Differential Correlation Analysis and Biological Function Inference on Single Cell Proteomics

Differential Correlation Analysis and Biological Function Inference on Single Cell Proteomics


Author(s): Enes Sefa Ayar,Laurent Gatto

Affiliation(s): Computational Biology and Bioinformatics Unit, de Duve Institute, Université Catholique de Louvain, Brussels, Belgium



Proteins are the key molecules in executing biological functions within cells. They operate in cooperation with other proteins to carry out these functions as part of protein complexes, or biological pathways. Thus, the correlation among these proteins implies a functional interdependence, offering insights into both biological functions and mechanisms.
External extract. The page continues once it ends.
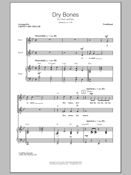 Download or print Traditional Dry Bones (arr. Cristi Cary Miller) sheet music, chords and digital score arranged for 2-Part Choir. This Concert score includes 10 page(s).

Differential correlation analysis promises to infer these biological functions and even underlying mechanisms by identifying similar or different correlation patterns in groups of proteins across conditions (ex. cell types, treatments). However, current approaches, particularly those developed for bulk measurements, may not be suitable for single-cell proteomics (SCP) datasets as they may overlook false positives and false negatives emerging due to batch effects or missing values. We aim to investigate the most suitable approach for uncovering functional correlation in SCP datasets. We compared two approaches used in SCP [1, 2] and two other network-based methods [3, 4], commonly used in RNAseq studies. This benchmark involves comparing these methods across various SCP datasets from scpdata package, each with different properties including sample size, protein coverage, and missing values. Thus far, our observations indicate the importance of addressing batch effect-driven correlations. Our benchmark assesses the methods based on biological relevance, statistical significance, and data simulations. References [1] Hu, M., Zhang, Y., Yuan, Y., Ma, W., Zheng, Y., Gu, Q., & Xie, X. S. (2023). Correlated protein modules revealing functional coordination of interacting proteins are detected by single-cell proteomics. The Journal of Physical Chemistry B, 127(27), 6006–6014. [2] Khan, S., Conover, R., Asthagiri, A. R., & Slavov, N. (2023). Dynamics of Single-Cell Protein Covariation during Epithelial-Mesenchymal Transition. [3] Langfelder, P., & Horvath, S. (2008). WGCNA: An R package for weighted correlation network analysis. BMC Bioinformatics, 9(1). [4] Song, W.-M., & Zhang, B. (2015). Multiscale embedded gene co-expression network analysis. PLOS Computational Biology, 11(11).